Mark Pilgrim's written an excellent article, What Is RSS, that charts the different versions with recommendations on which to use. 

I'll also revisit the version choice you'll need to make. But first, let's look more closely at some basics of what goes into any RSS file.

 How Easy Is RSS? I've been exploring RSS because it was time that Search Engine Watch offered its own stories in this manner. 

I've read several tutorials about making a feed, and they generally suggest that it is easy. 

They often offer code that you can "cut-and-paste" and link over to specifications that I actually don't find that clear. For example, the RSS 2.0 specification has an "cloud" element that's optional but which a lay person might still wonder if they should use it.

 Meanwhile, heaven help the person who stumbles into the RSS 1.0 specification and its complicated RDF syntax. 

Sure, making an RSS file IS easy for many. If you understand HTML, you'll probably understand enough to do a cut-and-paste from someone else's RSS file to make your own file. 

Don't know HTML? Start a blog, because several blogging tools automatically generates RSS files. 

As for those non-technical people using WYSIWYG page building tools or personal home page building systems, have faith. 

Even you can build an RSS file from scratch, as long as you dispense with some of the extra features you probably don't need. We'll go through how to do this below.

 Later, I'll also mention some tools that will even do some or all of the work for you. The RSS File At the heart of an RSS file are "items."

No matter what version of RSS you settle on, your file will have to include at least one item. 

Items are generally web pages that you'd like others to link to. For example, let's say you just created a web page reviewing a new cell phone that's being released. Information about that page would form an item. To enter your item into the RSS file, you'll need three bits of information: * Title * Description * Link The title and description of your item need not match exactly the HTML title tag of the web page that the item refers to, nor the meta description tag, assuming you use these (don't know what they are? See my How To Use HTML Tags article).

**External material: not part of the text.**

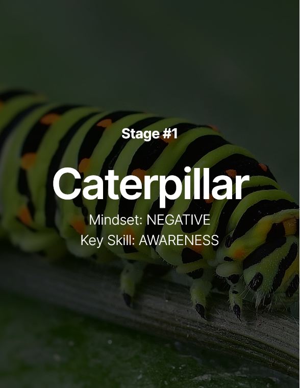 The most important skill to cultivate in the Caterpillar stage is AWARENESS. Simply put, most people are unaware of the negative thoughts, beliefs, etc. that appear inside or around them on a daily basis. Like the (fictional) tale about a frog in a slowly heated pot of water, negativity becomes the environment that we tolerate and ignore until the temperature is too extreme to bear.

You can write any title and description that you think will describe the page. However, using your page's title and meta description tag certainly makes it easy to copy and paste to build your RSS feed.

In the case of our example page, let's say this is the information we settle on to define it as an item: Nokia 3650 Combines Phone And Photos I've been playing with the new Nokia 3650.

Finally, someone has got the combination of a cell phone with digital camera capabilities right! *allgadgetsreviewed.com/nokia3650.html
 Now we have to surround that information with XML tags. These are similar to HTML tags, with the exception that unlike with HTML, there's no set definition of XML tags. Anyone can make up a particular XML tag. 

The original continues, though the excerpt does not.